# Bee war can't identify one kind



## sapphira (Mar 24, 2003)

And get on me if I am doing the wrong thing. Tons of honey bees. Clobering my hummingbird feeder. Took pity on the hummers - two adults and two very small kiddoes. They could not for the last week get near the feeder - me neither unless early morn and almost dark - dark is a no - bear about. 
Noticed this morn another kind of bee almost double the size of the honey bees, is dark with a little dull yello on head and has a darkish yello on it's tubular back end. These bees are coming in from low on tree, and grabbing honey bees and carrying them off !! Never seen this before. But searched on google and bing and can't identify the bee of this type. Can't get near. Honey bees are kinda gentle when I get near but the big ones keep things stirred up. Have not seen one hummer grab or eat a bee. I did put out 2 cups sugar water this am on top of old table near tree and it had tons of honey bees on it. there are NO flowers and almost dead bushes and trees here - the drought has been severe. Needless to say, the liquid is gone gone gone. It's almost 5 pm and less honey bees too. 
Does anyone know what type of bee the big ones are? Should I take in my bird feeder? I would move it but would make no dif - honey bees would take it over at this point no matter what. Will check back here htis evening and thanx for your help. Sapphira/Foot of blue ridge mountains, central shenandoah valley


----------



## dezingg (Feb 25, 2010)

I lost a weak colony in a wooden barrel a couple of years ago. The attacking bees seemed more aggressive, but I thought that they were the same size. I did not find the location of the colony that was attacking my colony.


----------



## Paquebot (May 10, 2002)

There are wolves among animals and insects alike. What you have carrying off the honey bees are beewolves. The bees are needed to feed their developing young. 

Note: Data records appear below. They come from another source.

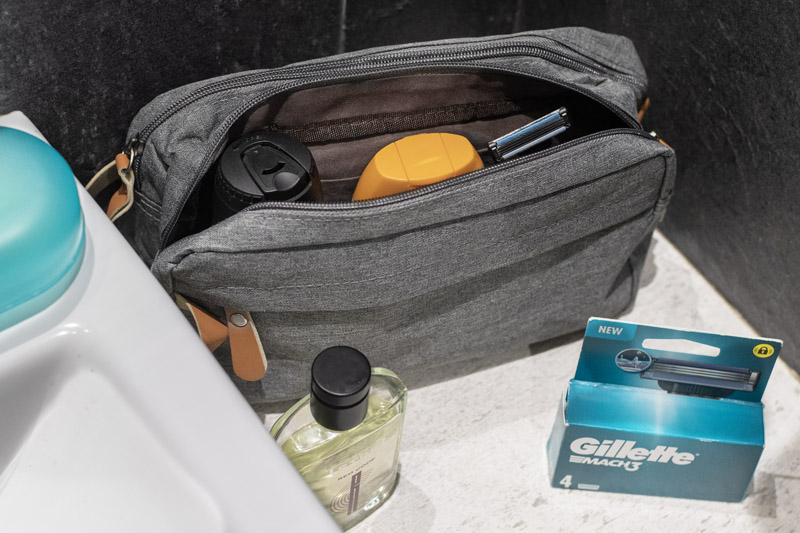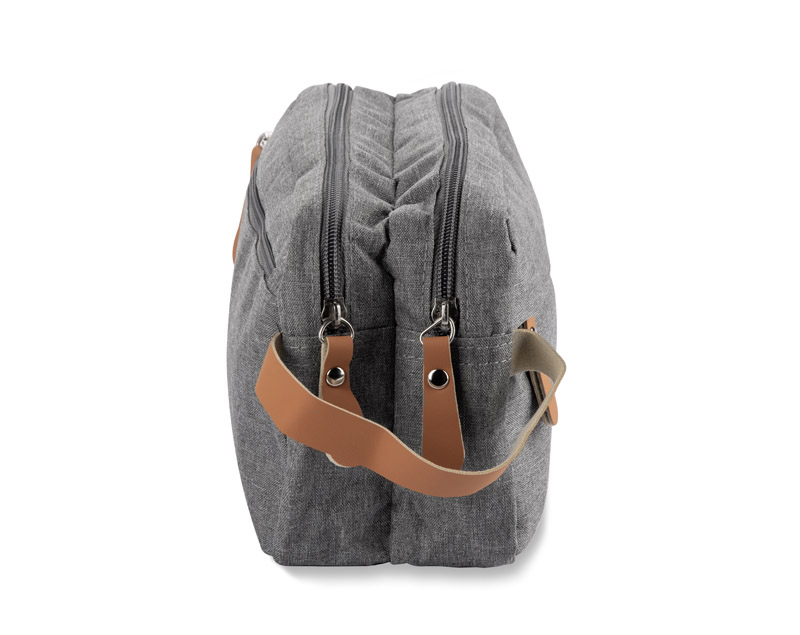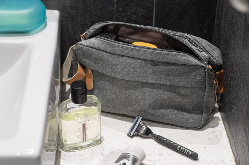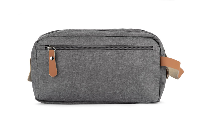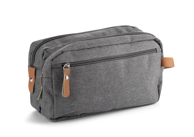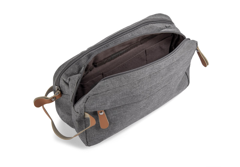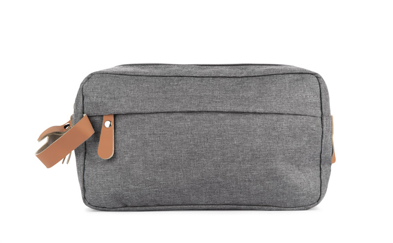 Vacation? Business trip? Weekend getaway? The NASLI cosmetic bag is a must-have for any journey. Spacious and practical, it features two separate zippered compartments and plenty of smaller pockets to keep all your toiletries organized.What makes NASLI stand out? Its stylish, ash-grey color gives it a universal, unisex appeal, making it perfect for both men and women. Plus, the melange texture helps hide any potential stains, keeping it looking fresh on every trip.The eco-friendly brown leather accents on the zippers and handle add a touch of elegance and make NASLI truly unique.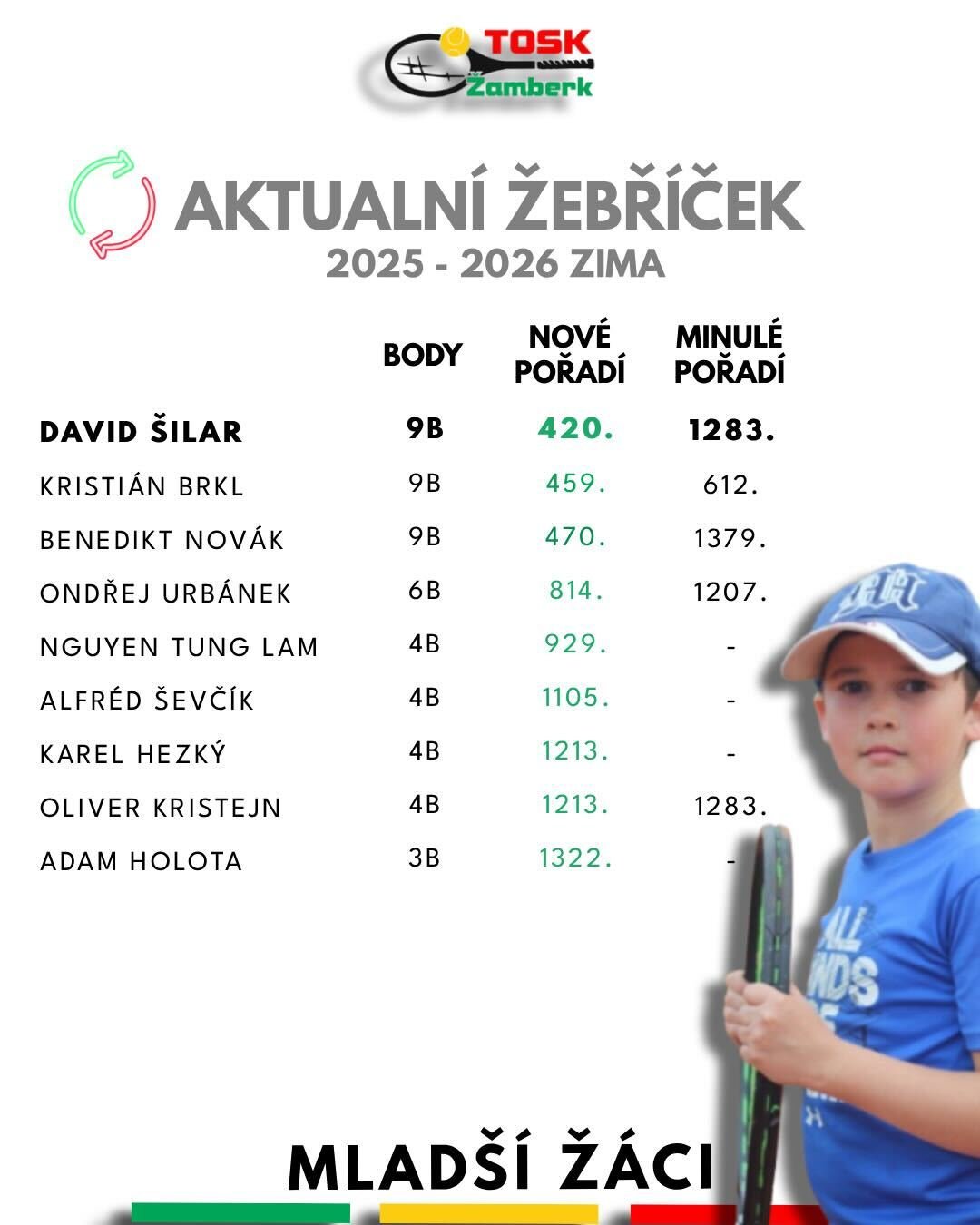 Naši hráči a hráčky v žákovských kategoriích v novém žebříčku zaznamenali výrazný posun směrem vzhůru. Jsme rádi, že systematická a poctivá práce během celé sezóny přináší zasloužené výsledky.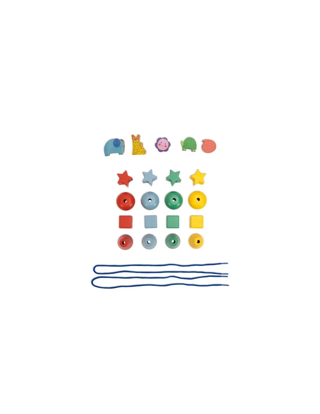 Le jeu contient 21 perles colorées en bois, 12 cartes séquence et 2 lacets.
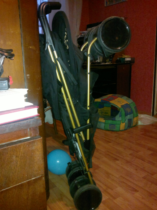 - в сложенном виде не пачкает колесами,так же может стоять самостоятельно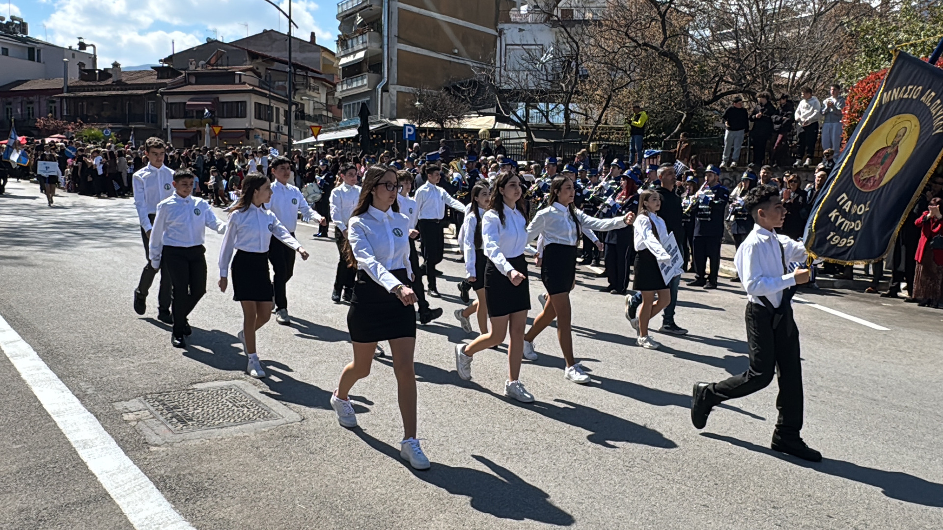 Παρήλασαν και καταχειροκροτήθηκαν υπό τους ήχους της Φιλαρμονικής Εταιρίας, τα πολιτιστικά μας σωματεία, οι μαθητές των σχολείων, το Ειδικό Σχολείο Νάουσας, το Γυμνάσιο Πάφου που μας τίμησε με την παρουσία του, η Σχολή Αστυφυλάκων και η Β΄Μοίρα Καταδρομών που "πέρασαν" με άψογο βηματισμό!
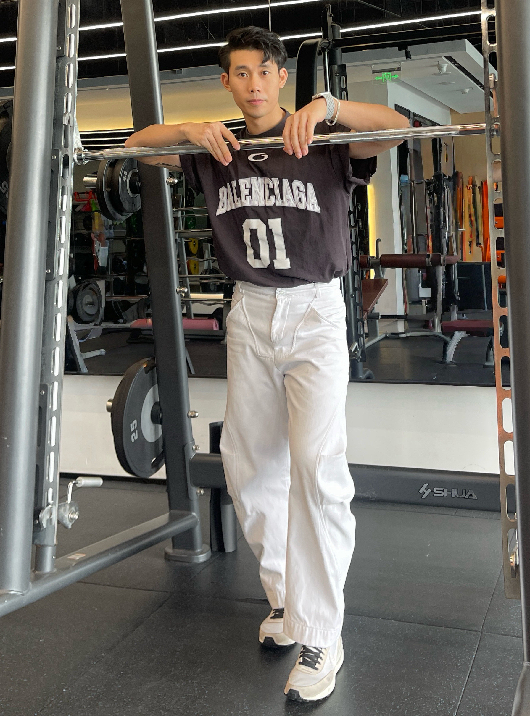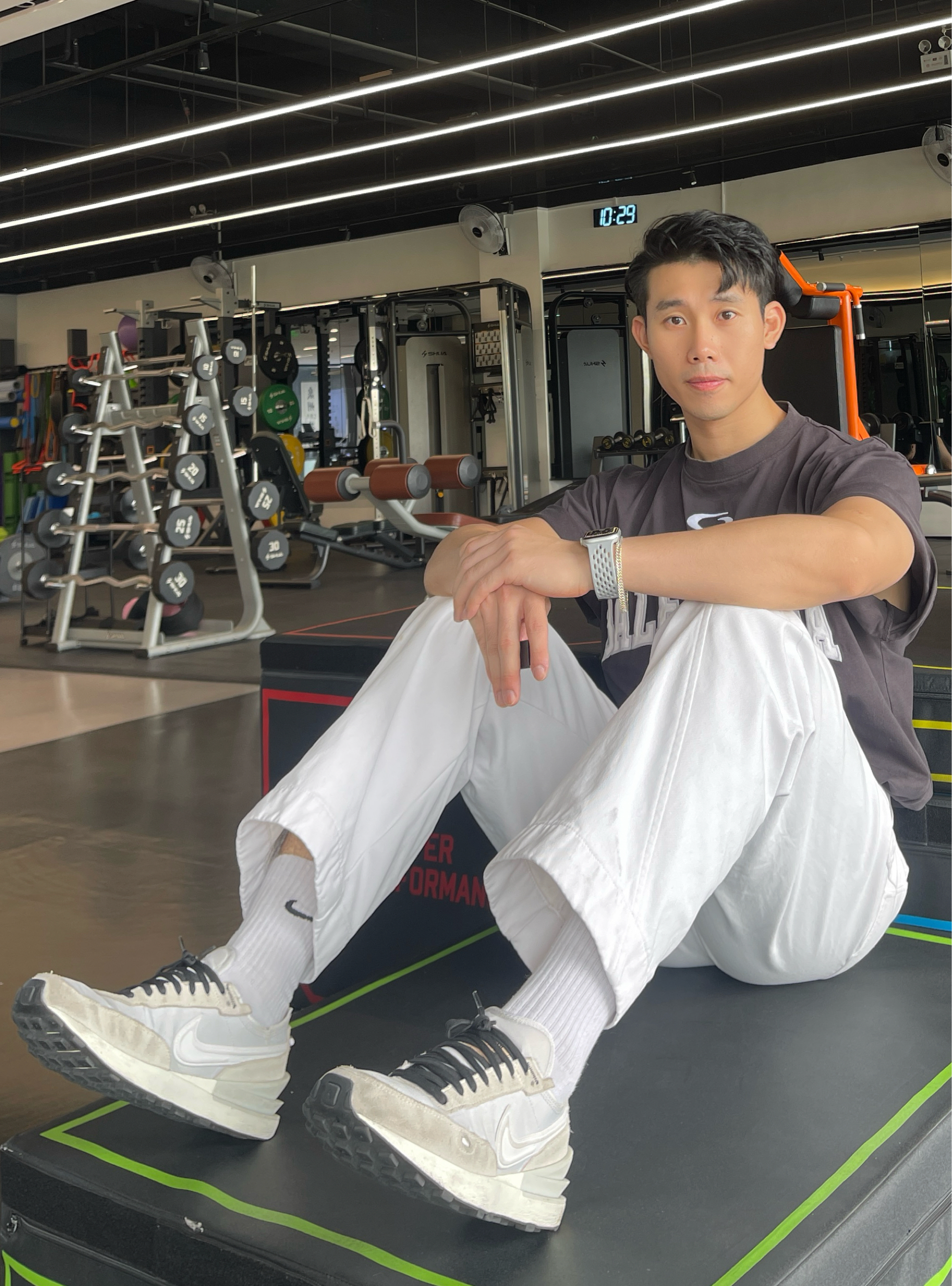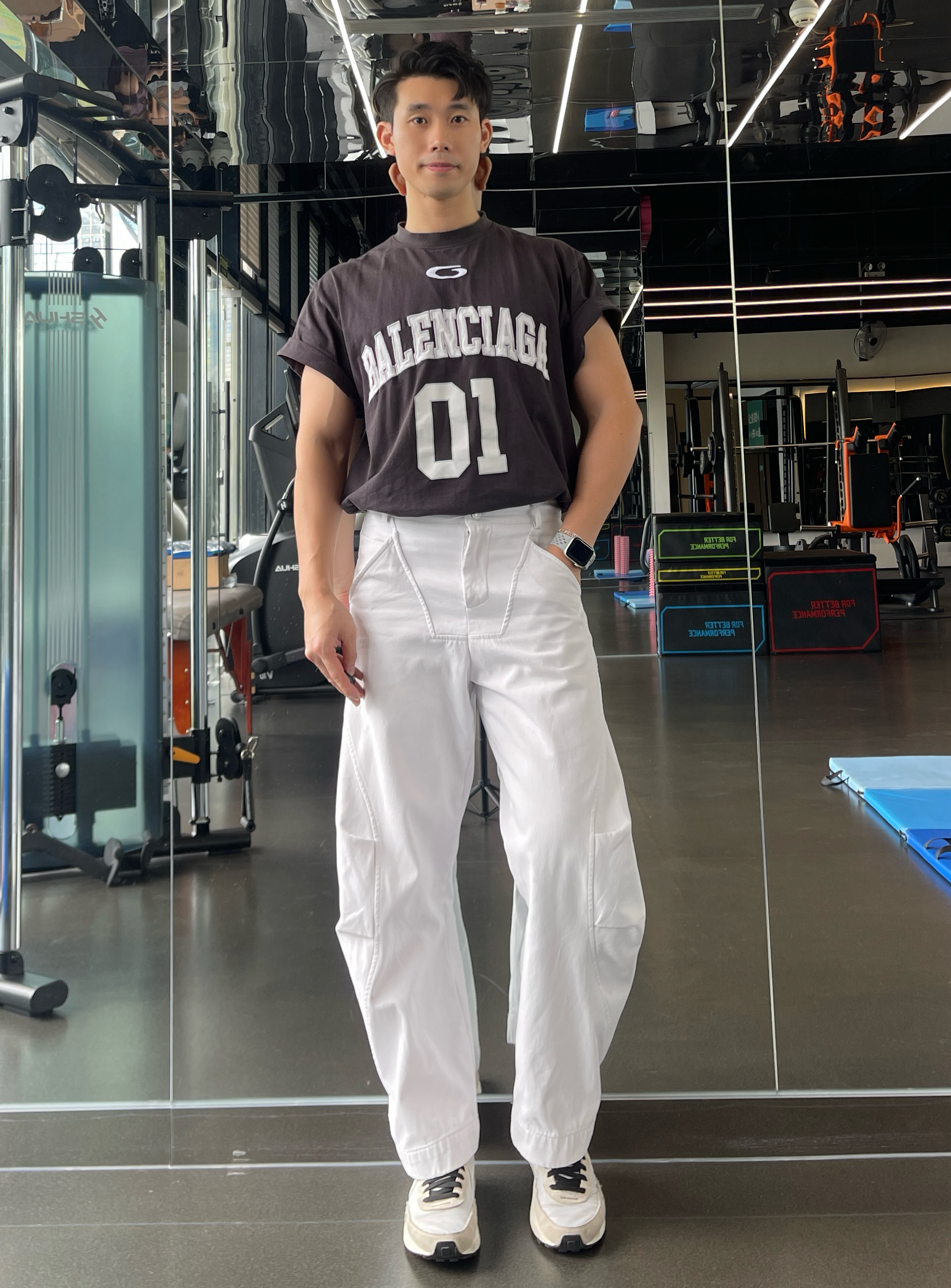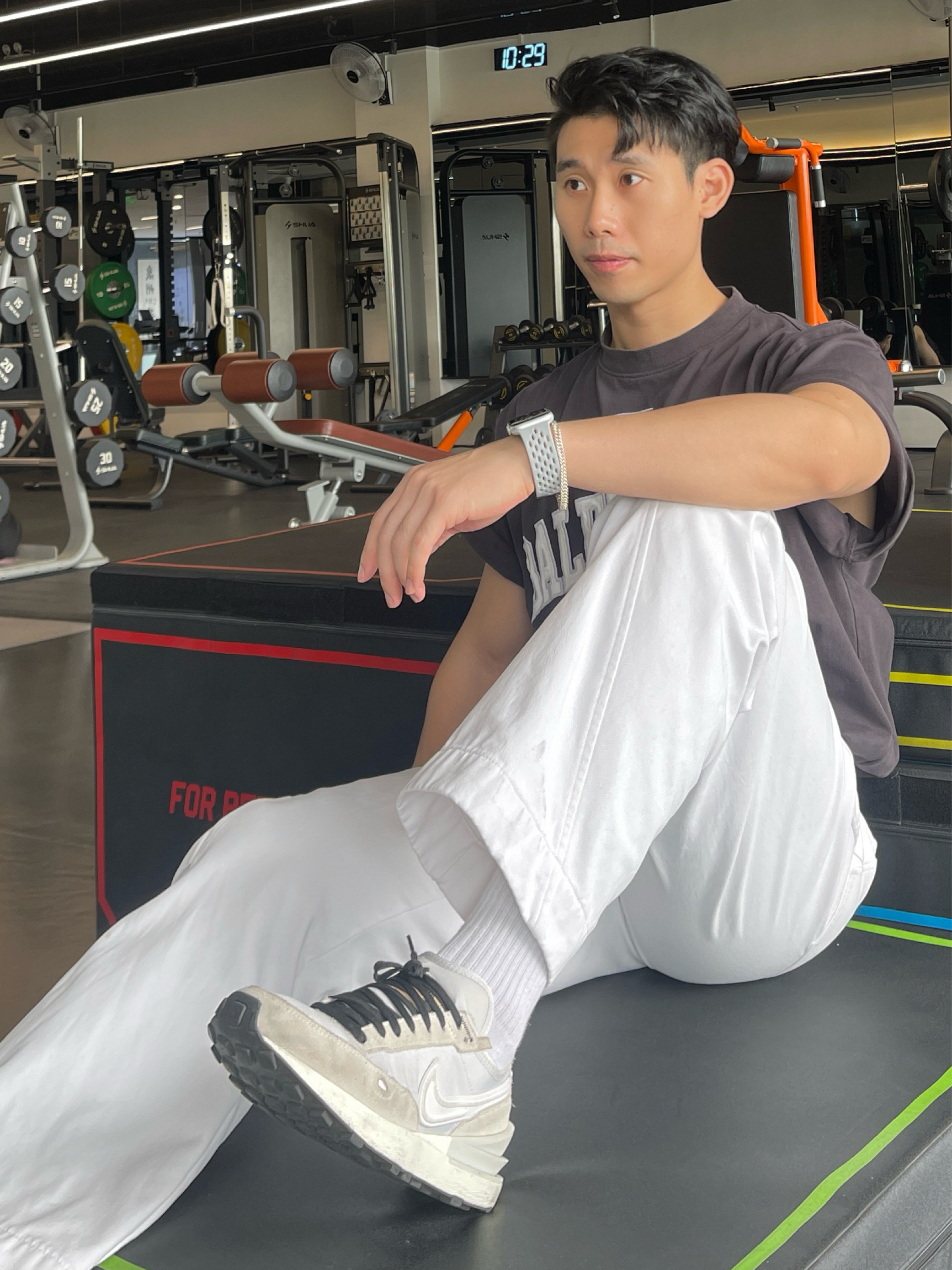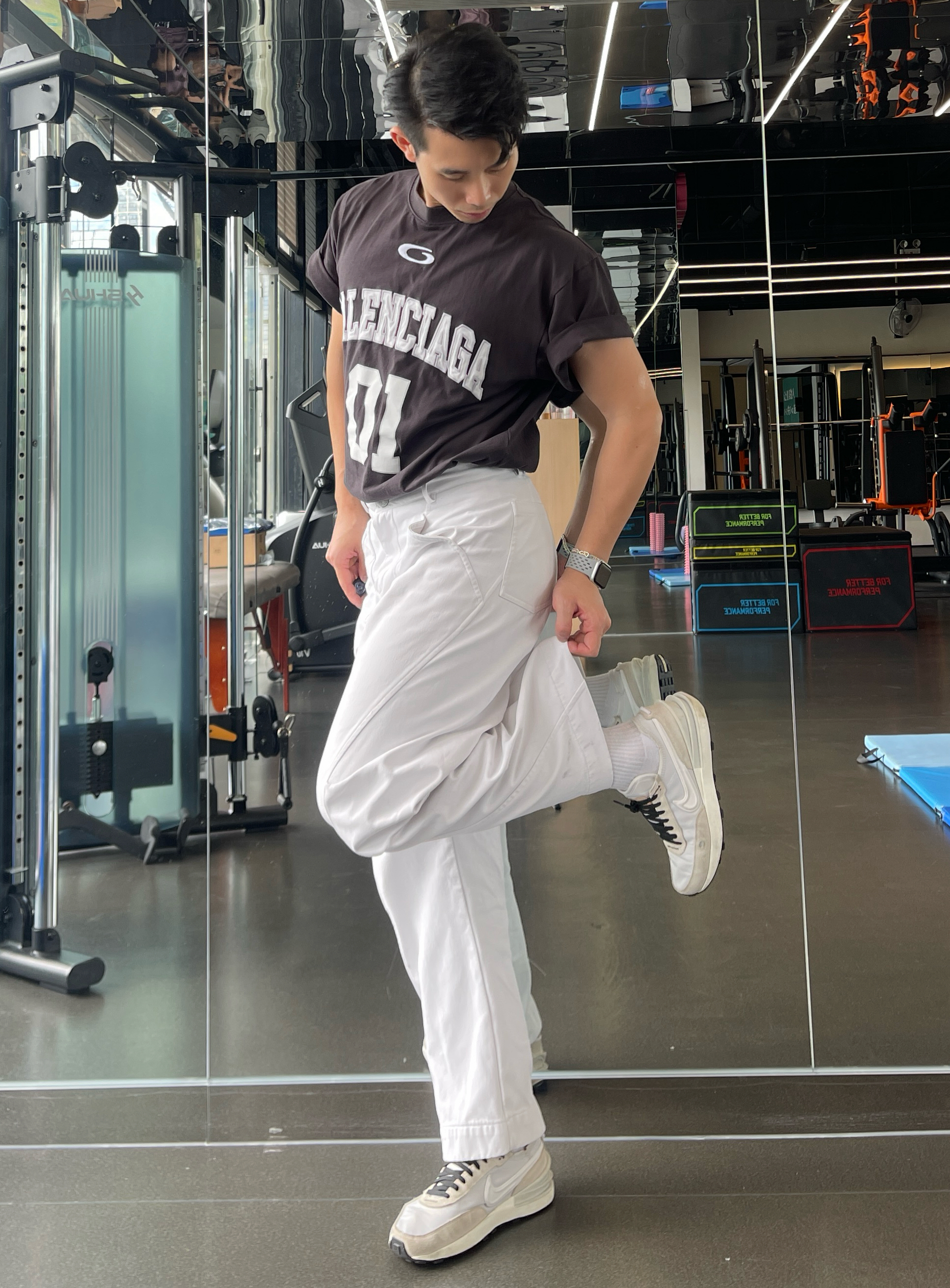 健身穿搭简约不简单 一套穿搭最重要的就是舒适性和质感 今天训练主要是推胸的训练 所以一双华夫格鞋就足够了 这双鞋外观没得说,一定是颜值拉满 鞋面也是比较好清理的 缺点就是鞋底比较硬,不建议用来跑步 搭配的话阔腿裤或者休闲裤运动服都是百搭 身高180|体重76|鞋码43 👕:巴黎世家 👖:弯刀牛仔裤 👟:NIKE WAFFLE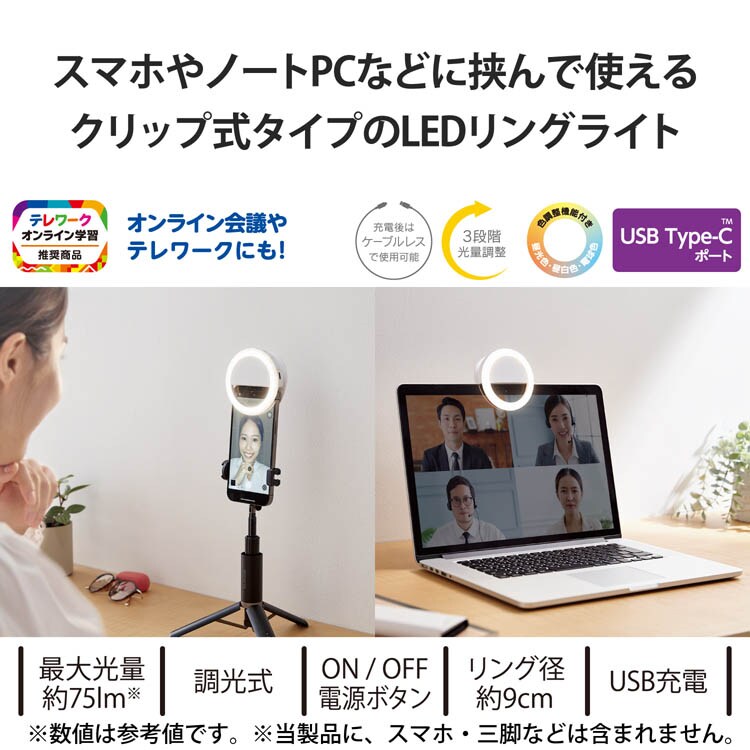●撮影・オンライン会議に最適なクリップ式のリングライトです。

http://en.wikipedia.org/wiki/Beewolf

Martin


----------



## sapphira (Mar 24, 2003)

thank you thank you !!!! THAT is definitely the big bee - never saw them before. AND under this tree is a pile of leaves that has matted down over the last year and they seemed to be coming from the pile, but was not sure. I put "bees that eat bees" into google and bing and did not get anything. I must have a colony of bees nearby as there are so many. Might email the ag extension. They always like info. Thanks again. S.


----------